The Chronicle

Jail term for drug courier

Ran drugs, cash from Brisbane to Toowoomba

- PETER HARDWICK

RUNNING drugs and money between Brisbane and Toowoomba over a four-day period has left a 35-year-old Chermside man with a twoyear jail sentence.

Police, who spotted Mark Alex Simpson and an associate pull into a service station on the Warrego Highway in the Lockyer Valley, became suspicious and approached the pair.

Simpson had co-operated with police but when his associate became non-compliant and argued with police, a struggle ensued during which two packages fell from his clothing, Toowoomba District Court heard.

The packages were found to contain 54g of substance of which 40.9g was pure methylamph­etamine, Crown prosecutor Nicole Friedewald said.

A subsequent search of their car found another package in the centre console containing $8950 cash and an envelope containing another $1000 cash, she said.

Simpson gave a record of interview with police and confessed to acting as a courier between Toowong and Toowoomba on three previous days, saying though he believed the packages contained drugs he didn’t know what sort of drugs or how much there was of it.

Ms Friedewald said without Simpson’s frank admissions to the other three trips the Crown would not have been able to prosecute him on those.

Simpson pleaded guilty to four counts of supplying dangerous drugs.

Ms Friedewald said though Simpson had criminal history he had no previous for drugs.

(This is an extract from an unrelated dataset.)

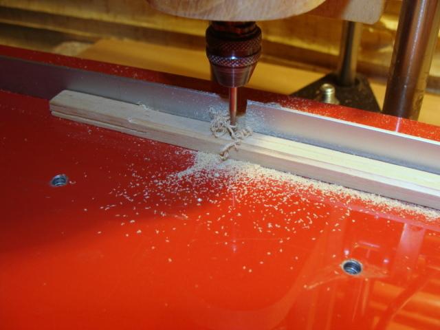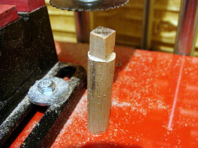 Romek,posuw śrubowy dolnego stolika, to śruba M6(może być też i z metra) i trzy bukowe klocki, dwa nagwintowane które umocowane są od spodu blatu.Trzeci,ten co go widać,stawia opór pociągowi śruby.Oczywiście w tym miejscu bez gwintu.Nakrętka przed nim powinna być samokontrująca lub zwykła zabezpieczona przed dokręcaniem np.cyjanoakrylem.Klocek przyklejony i przykręcony od spodu na wkręt.Tak,że wytrzymuje opór stawiany przesuwaniu się stolika.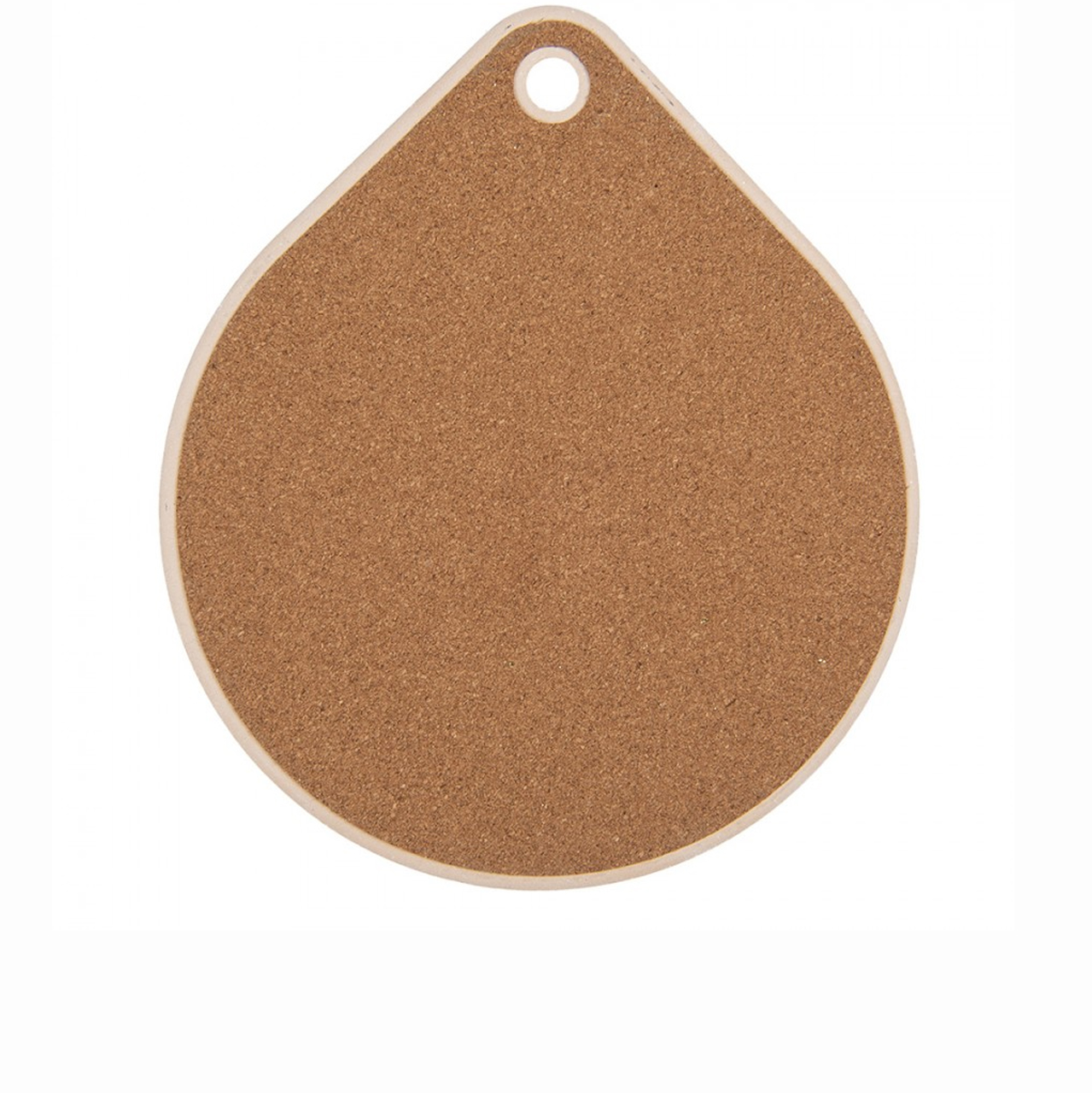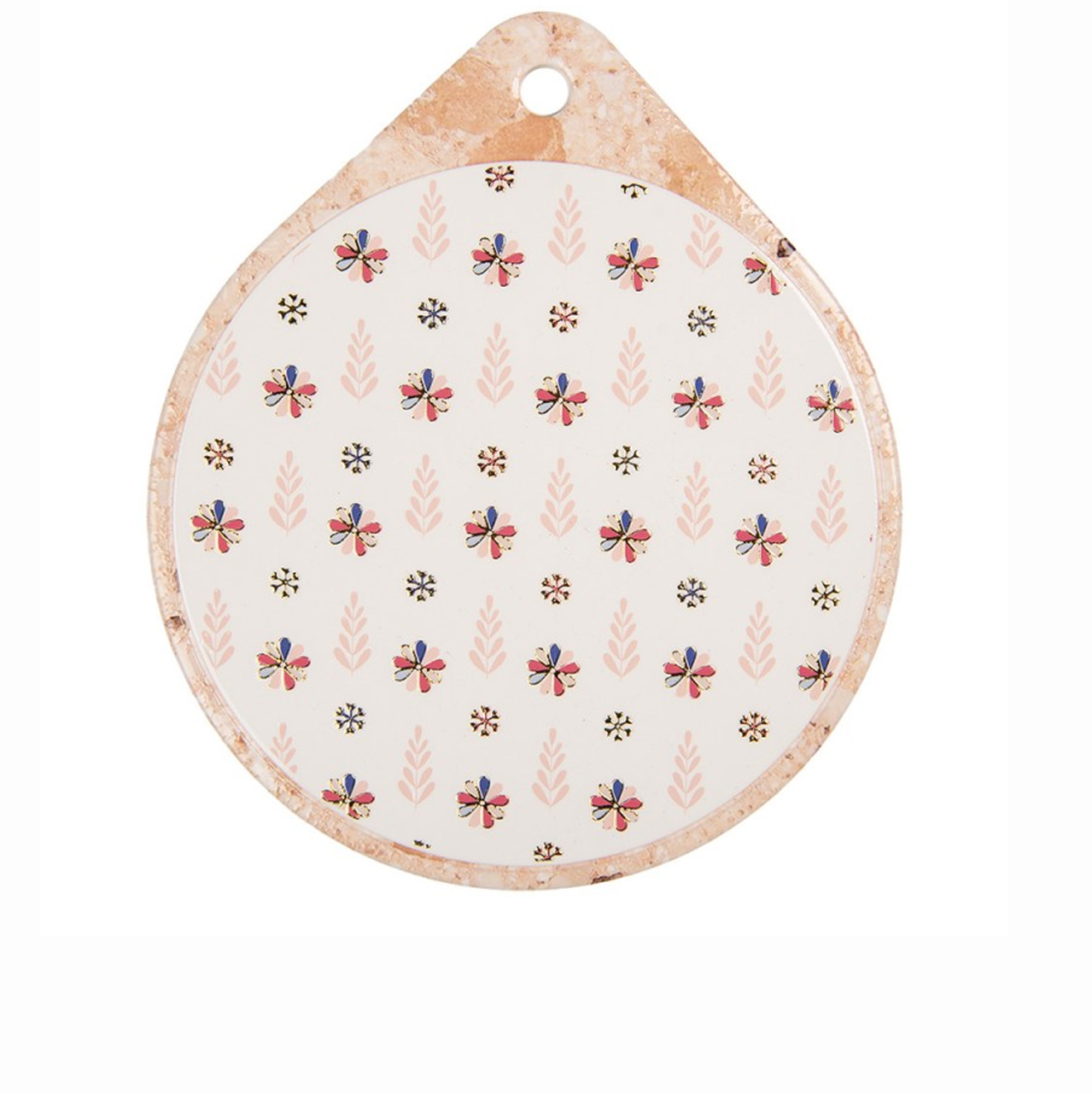 A hot plate stand with a colorful floral design. It is made of ceramic and has a cork layer on the bottom, ensuring that it remains safe and stable on the table or counter.

He told police he had fallen on hard financial times at that time and was paid $200 and $50 for fuel each trip.

His barrister Scott Lynch told the court Simpson cared for his mother and brother who had autism in Brisbane and at the time was financiall­y destitute.

Simpson had accepted money to do the trips as he had to pay for vehicle registrati­on and get new tyres for his car, Mr Lynch said.

Warning him that any breach of the sentence could see him sent to jail, Judge Katherine McGuinness sentenced Simpson to two years in jail but ordered he be released immediatel­y on parole.